Qu’est-ce que la taxe d’aménagement ?

Instaurée le 1er mars 2012, la taxe d’aménagement est un prélèvement fiscal mis au profit des départements, des établissements publics, et de la région d’Île-de-France. Elle est requise dans le cadre des projets de constructions immobilières, et contribue au financement des projets et travaux relatifs à l’urbanisation. 

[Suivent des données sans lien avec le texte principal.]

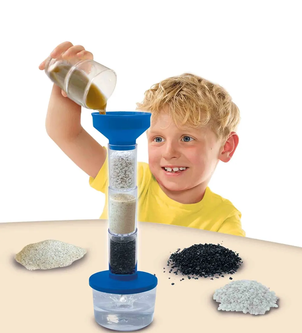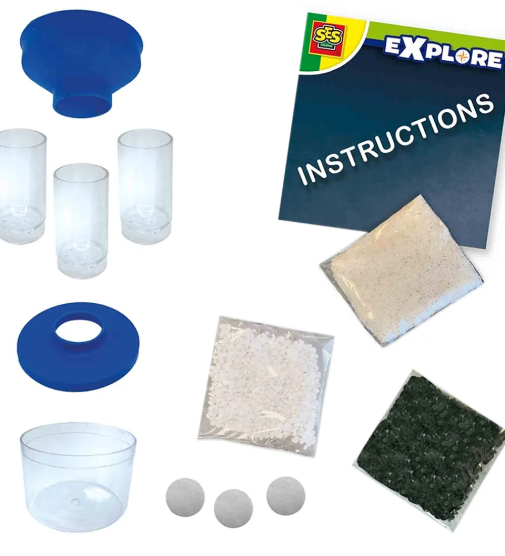 Fedt SES Creative vandrenser sæt lærer børn videnskab på en sjov måde. Man bygger vandfilteret, tager beskidt vand og lader det strømme gennem de 6 lag. Trin for trin bliver vandet filtreret og til sidst vil vandet være helt klart.
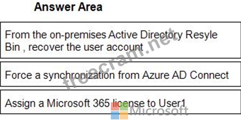 1 - From the on-premises Active Directory Resyle Bin , recover the user account
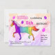 Invitation Cute Rainbow Unicorn Fille fête d'anniversaire
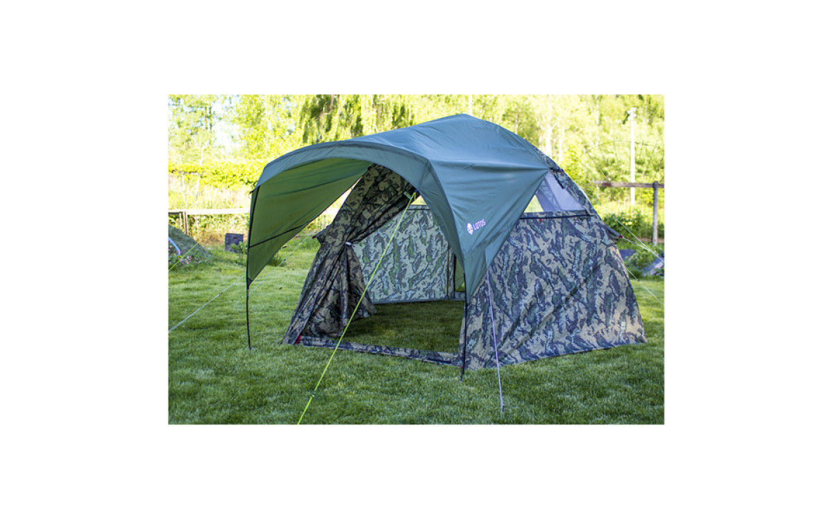 Козырек ЛОТОС 5 образует удобный навес перед входом в палатку. Козырек легко и быстро крепится к куполу и хорошо защищает вход в палатку от дождя, ветра и солнца.

Remplace la taxe locale d’équipement

Souvent confondue avec la taxe foncière ou la taxe d’habitation, la taxe d’aménagement est celle qui remplace la taxe locale d’équipement, et aussi les autres taxes liées aux déclarations préalables de travaux de construction, y compris le permis de construire. Elle est calculée par les services de l’État en se référant à des taux applicables à la date où s’applique l’autorisation d’aménager ou de construire. 
La taxe d’aménagement est appliquée dans les communes soumises à un PLU (plan local d’urbanisme) ou à un POS (plan d’occupation des sols). 
Elle peut aussi être instituée dans des communautés urbaines dépourvues de ces plans, à la suite d’une délibération accordée par le conseil municipal des communes respectives. 
La taxe d’aménagement peut de même être applicable, toujours par délibération, par un organisme compétent en PLU. 
Tout comme sa mise en place, il est aussi possible pour ces entités de renoncer à la taxe d’aménagement par délibération. 

Peut-on en être exonéré ?

La taxe d’aménagement est exigée lorsqu’une autorisation de construire, d’aménager, ou quand un permis modificatif est délivré. Il en est de même lorsque des travaux de construction sans autorisation préalable ou en infraction sont en phase d’achèvement. Contrairement à la taxe locale d’équipement, la taxe d’aménagement s’applique à toutes les communes soumises à un document d’urbanisme, même si certaines ne recensent que 10 000 habitants. 
Cette taxe d’aménagement peut toutefois être exonérée pour certains sujets : services publics, locaux d’habitation ou agricoles, hébergements animaliers. Cette exonération peut aussi être accordée aux aménagements qui figurent sur des plans de prévention de risques, ainsi qu’aux locaux qui devaient être reconstruits à la suite d’un cas de sinistre.